[[ Input data open ]]

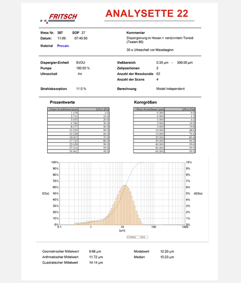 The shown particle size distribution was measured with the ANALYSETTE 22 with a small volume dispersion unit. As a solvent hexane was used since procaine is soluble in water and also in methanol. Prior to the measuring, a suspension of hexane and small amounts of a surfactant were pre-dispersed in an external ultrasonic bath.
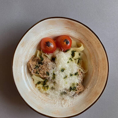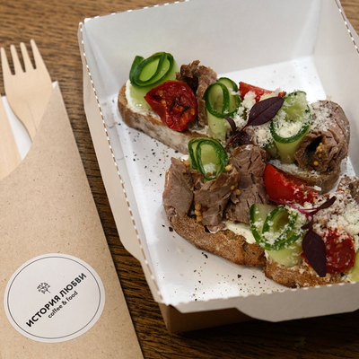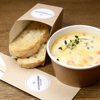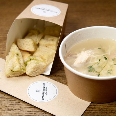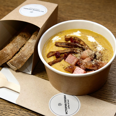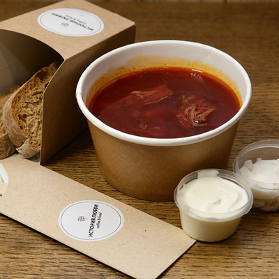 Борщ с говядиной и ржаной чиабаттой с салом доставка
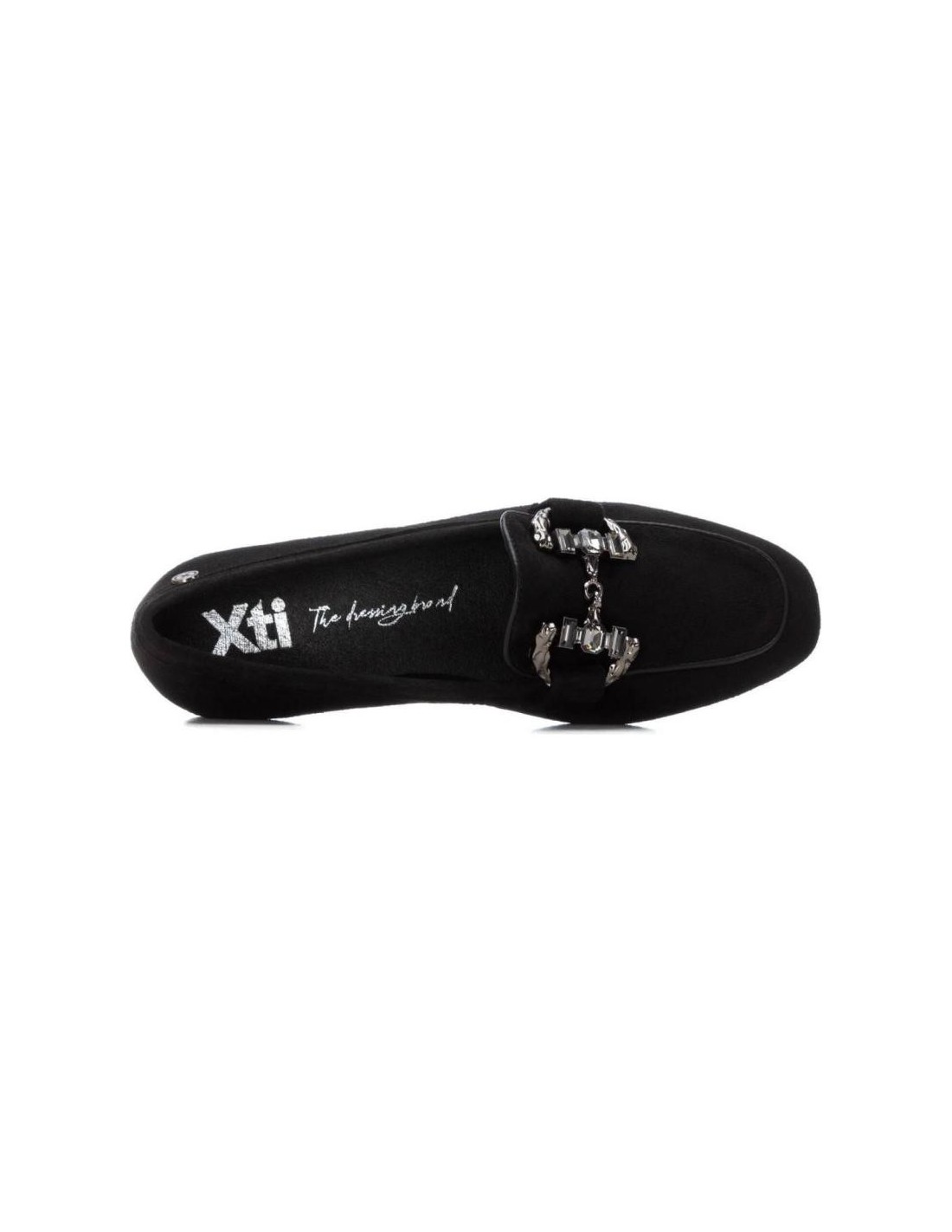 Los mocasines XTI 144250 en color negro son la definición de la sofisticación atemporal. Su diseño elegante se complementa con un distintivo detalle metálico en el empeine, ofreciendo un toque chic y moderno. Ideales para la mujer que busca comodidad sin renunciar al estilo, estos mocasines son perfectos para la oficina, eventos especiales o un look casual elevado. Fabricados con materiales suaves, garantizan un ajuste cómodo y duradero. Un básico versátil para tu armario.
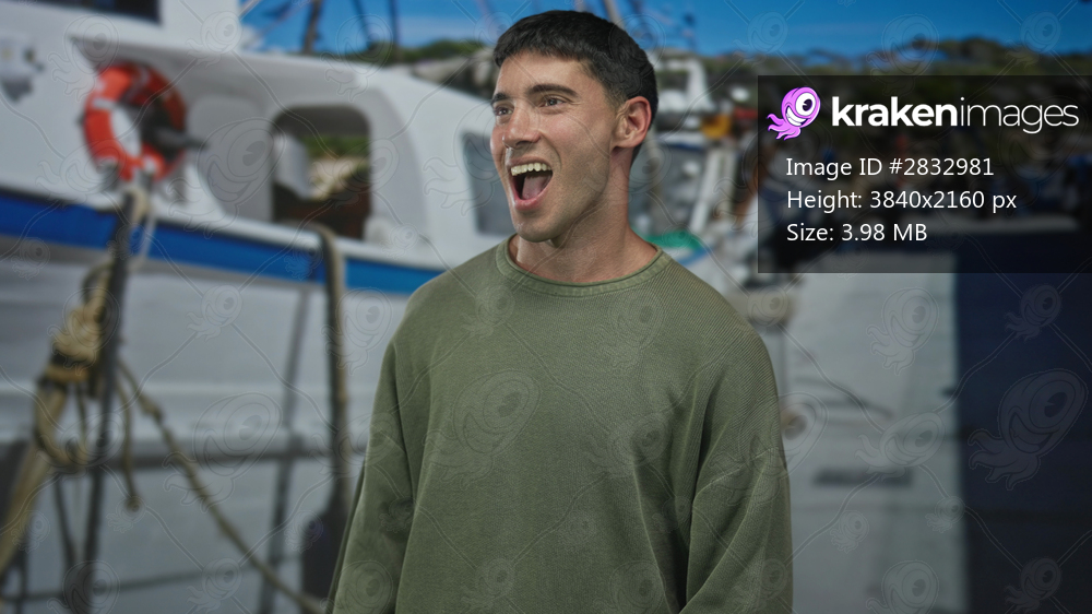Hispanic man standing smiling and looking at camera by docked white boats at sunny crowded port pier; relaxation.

[[ Input data closed ]]
[[ Input data open ]]

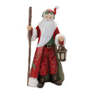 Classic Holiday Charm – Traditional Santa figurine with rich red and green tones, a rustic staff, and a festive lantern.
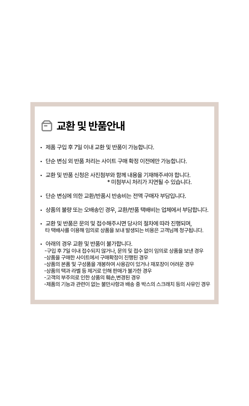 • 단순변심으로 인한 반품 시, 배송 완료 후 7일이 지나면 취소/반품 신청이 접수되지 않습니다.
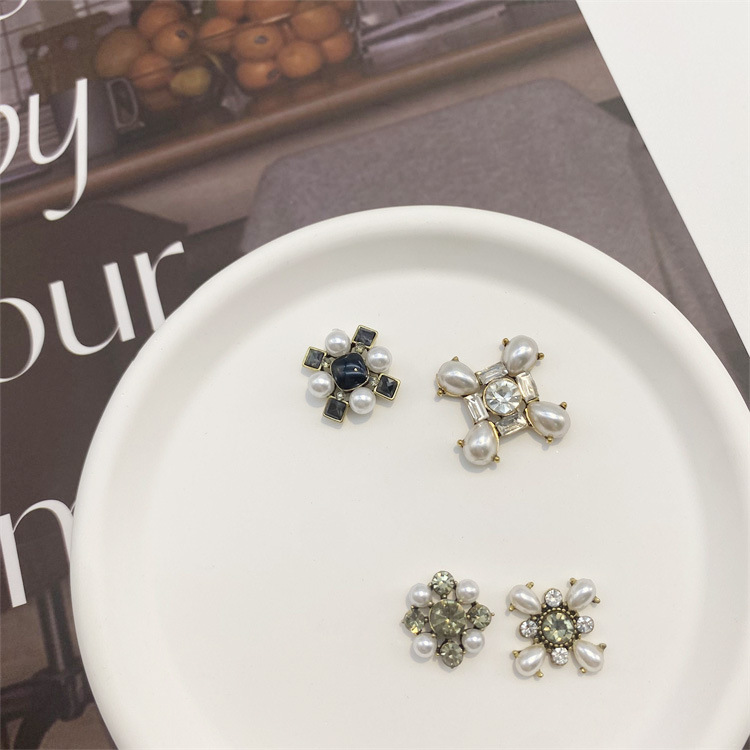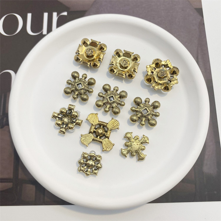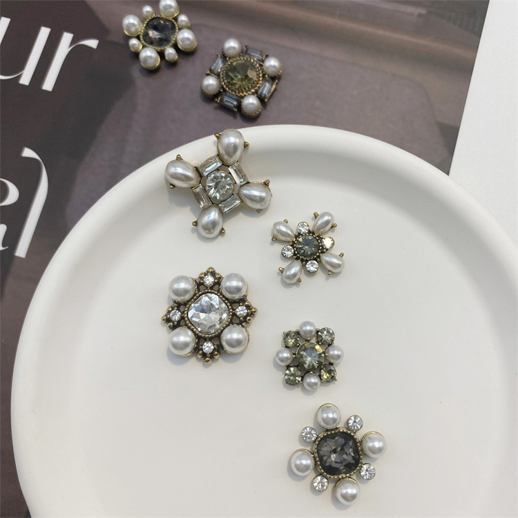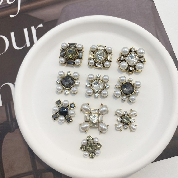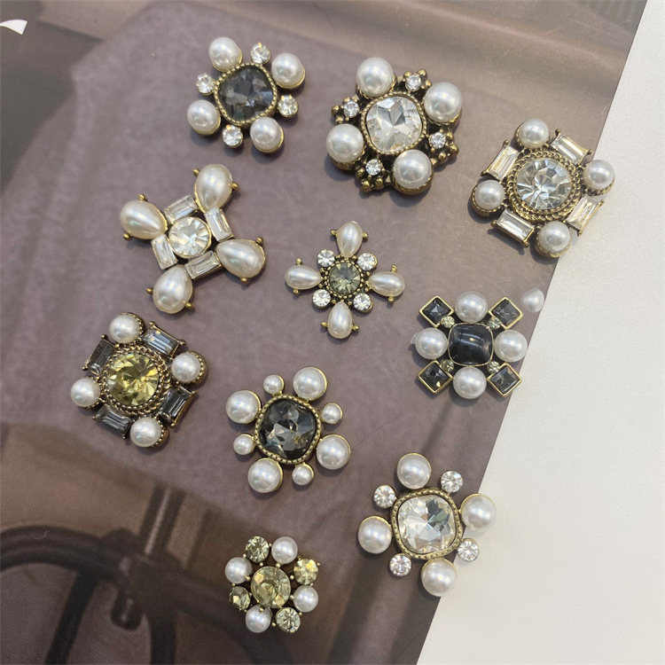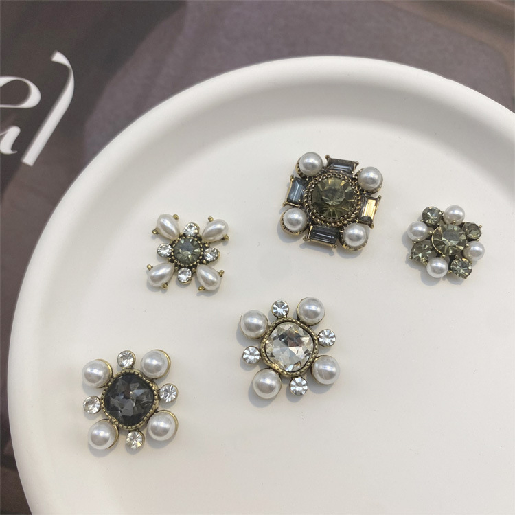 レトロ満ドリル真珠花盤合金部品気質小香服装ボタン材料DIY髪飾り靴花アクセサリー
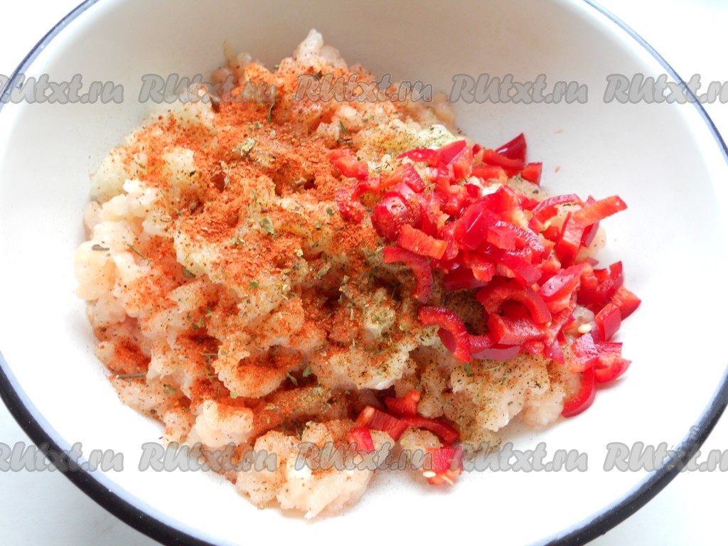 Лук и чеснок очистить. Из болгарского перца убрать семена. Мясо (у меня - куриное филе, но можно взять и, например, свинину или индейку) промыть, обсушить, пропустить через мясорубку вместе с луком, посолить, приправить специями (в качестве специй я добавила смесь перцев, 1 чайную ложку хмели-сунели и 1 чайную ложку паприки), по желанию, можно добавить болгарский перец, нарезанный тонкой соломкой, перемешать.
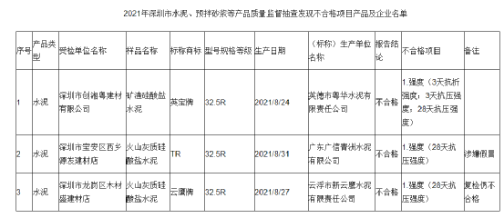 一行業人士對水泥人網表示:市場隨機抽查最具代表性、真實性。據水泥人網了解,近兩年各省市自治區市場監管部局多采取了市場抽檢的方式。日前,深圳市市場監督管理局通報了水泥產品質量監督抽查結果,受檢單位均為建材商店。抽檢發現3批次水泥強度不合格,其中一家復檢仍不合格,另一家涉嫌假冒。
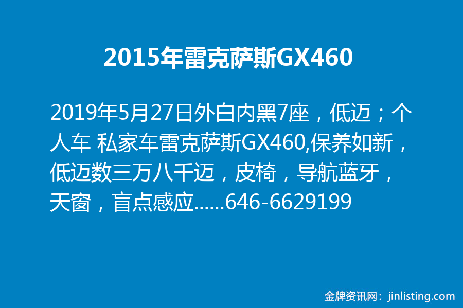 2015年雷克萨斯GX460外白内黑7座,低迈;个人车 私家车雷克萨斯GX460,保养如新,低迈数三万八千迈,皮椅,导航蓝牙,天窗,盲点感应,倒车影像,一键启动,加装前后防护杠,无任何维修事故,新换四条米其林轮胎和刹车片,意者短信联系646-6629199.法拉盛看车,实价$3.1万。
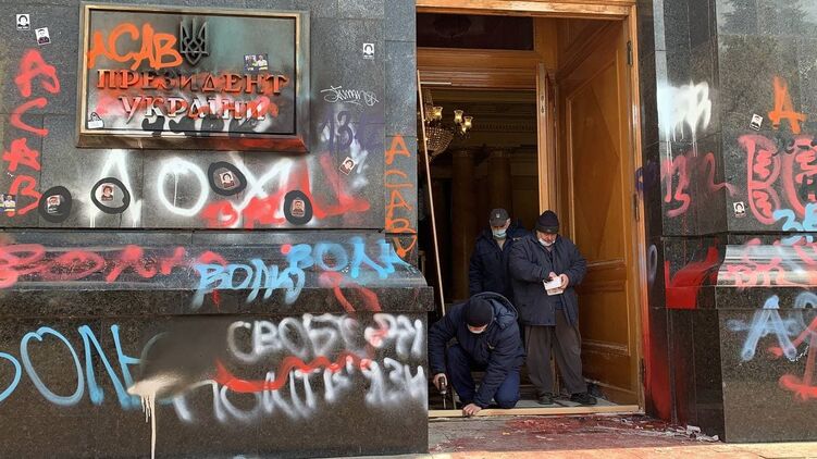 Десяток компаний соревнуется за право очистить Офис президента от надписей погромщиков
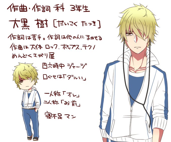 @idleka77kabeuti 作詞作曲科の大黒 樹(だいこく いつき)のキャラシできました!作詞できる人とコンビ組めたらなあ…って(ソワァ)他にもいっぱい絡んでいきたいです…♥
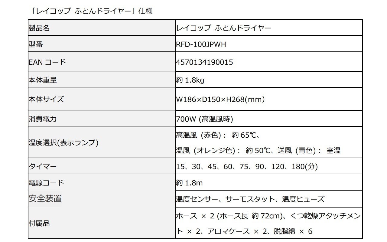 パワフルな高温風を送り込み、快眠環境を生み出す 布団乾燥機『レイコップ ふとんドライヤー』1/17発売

[[ Input data closed ]]

#### Goal of the exercise
In the listing above, find the line containing "The shown particle" and the line containing "Hispanic man standing", then output those two lines and everything between them exactly as written, without the images.

#### Exercise response
 The shown particle size distribution was measured with the ANALYSETTE 22 with a small volume dispersion unit. As a solvent hexane was used since procaine is soluble in water and also in methanol. Prior to the measuring, a suspension of hexane and small amounts of a surfactant were pre-dispersed in an external ultrasonic bath.
 Борщ с говядиной и ржаной чиабаттой с салом доставка
 Los mocasines XTI 144250 en color negro son la definición de la sofisticación atemporal. Su diseño elegante se complementa con un distintivo detalle metálico en el empeine, ofreciendo un toque chic y moderno. Ideales para la mujer que busca comodidad sin renunciar al estilo, estos mocasines son perfectos para la oficina, eventos especiales o un look casual elevado. Fabricados con materiales suaves, garantizan un ajuste cómodo y duradero. Un básico versátil para tu armario.
Hispanic man standing smiling and looking at camera by docked white boats at sunny crowded port pier; relaxation.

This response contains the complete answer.